>- This entails creating fonts that have the presentation form
>glyphs accessible in the cmap via PUA codepoints [...]
True. But smart users may understand that they don't have to do so and why,
while naive users would probably stick to characters that are not on their
keyboard (and presentation form have no reason to be on a keyboard).

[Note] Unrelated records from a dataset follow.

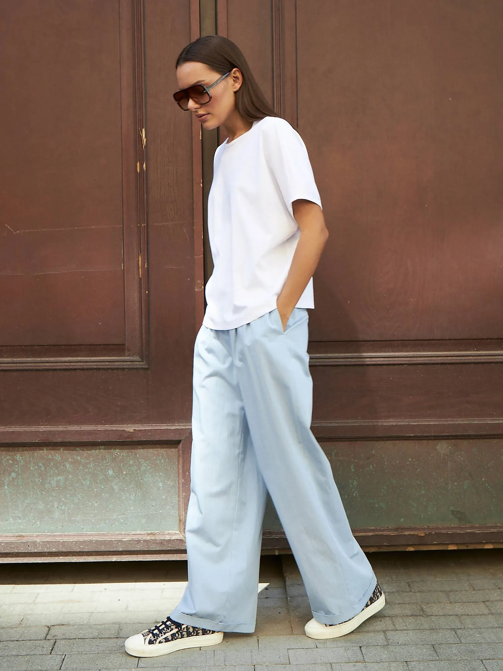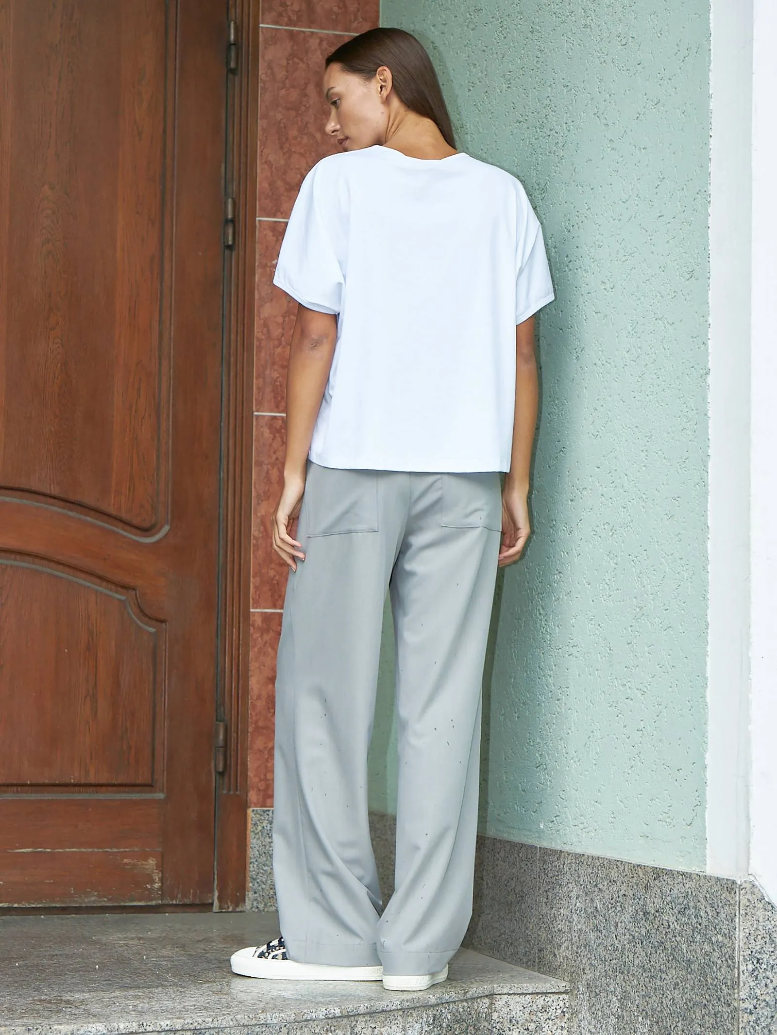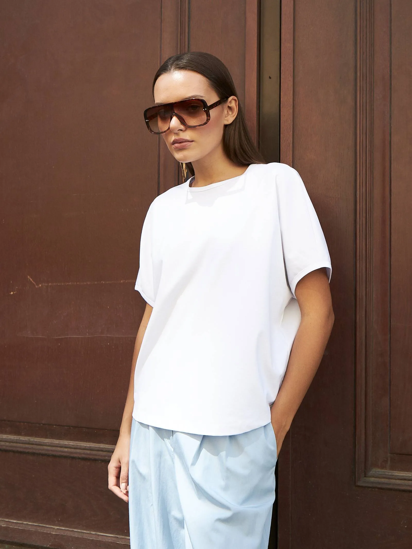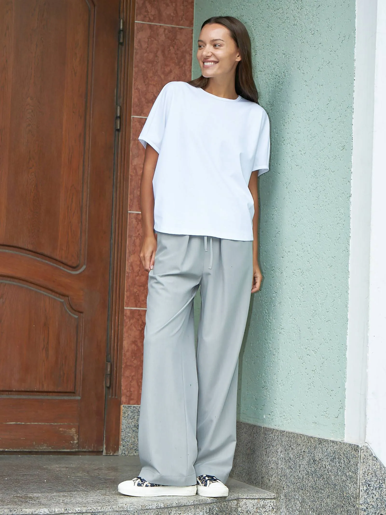 Трикотажная блуза свободного кроя с круглым вырезом и коротким рукавом. Модель выполнена из органического хлопка, практичного нейлона и тянущегося эластана. Блуза подойдет для создания повседневных образов в стиле кэжуал и современной классики в сочетании с базовым или ярким низом.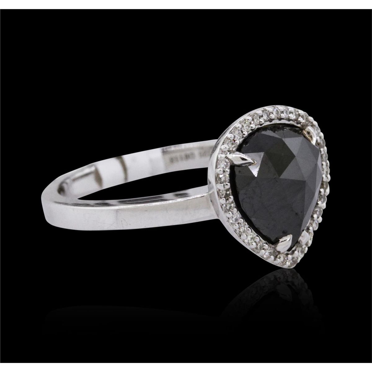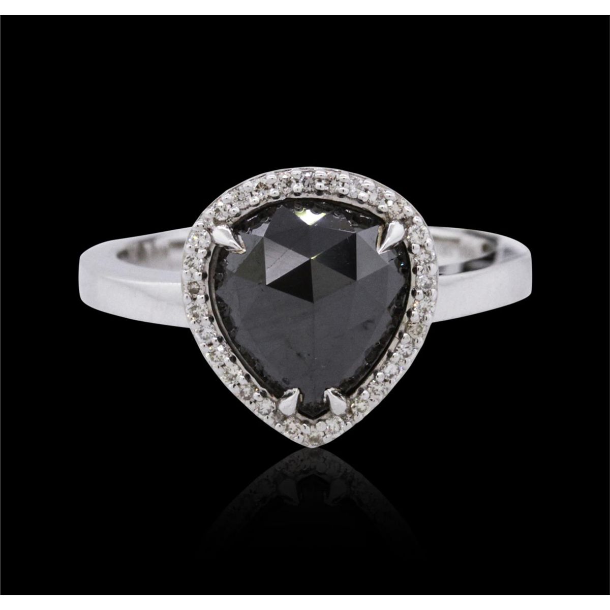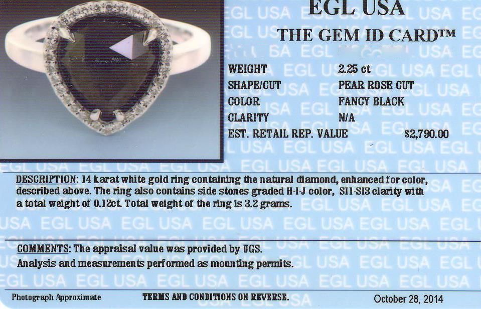 One 14KT white gold ring containing one natural pear rose cut fancy black diamond, enhanced for color, with a total weight of 2.25ct. The ring also contains side stones graded H-I-J color, SI1-SI3 clarity with a total weight of 0.12ct. Total weight of the ring is 3.20 grams. EGL Appraised at $2,790.00.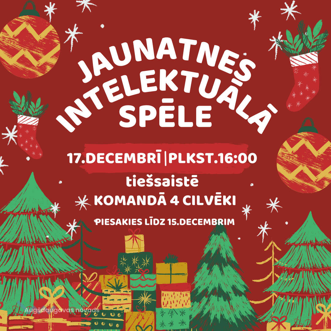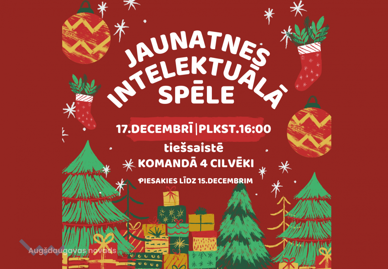 Aicinām skolu un jaunatnes komandas pieteikties jaunatnes intelektuālai spēlei, kas norisināsies 17.decembrī plkst.16:00 tiešsaistē.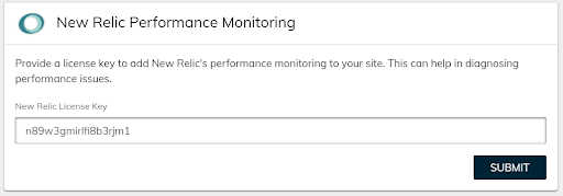 In the New Relic section of the performance tab, add your New Relic license key and then click on the submit button.

>- Smart font technologies, such as AAT and OpenType, can handle
>complex script rendering [...]
True. I would not suggest to implement naive rendering engines for systems
that already have these sharp technologies.
>- [...] its ability to
>support custom characters that an end user might need is
True. Probably such a modest display engine would not even try supporting
>Not to say that, therefore, this shouldn't be done. This is
>certainly a valid use of the PUA. Any attempt to get widespread
>adoption within industry of any particular use of the PUA,
>however, is a bad idea.
I totally agree with that. This is the point: accept standardizing PUA
usage, and you'll end up having to use MIME to distinguish Microsoft
Unicode, Mac Unicode, AOL Unicode, Linux Unicode...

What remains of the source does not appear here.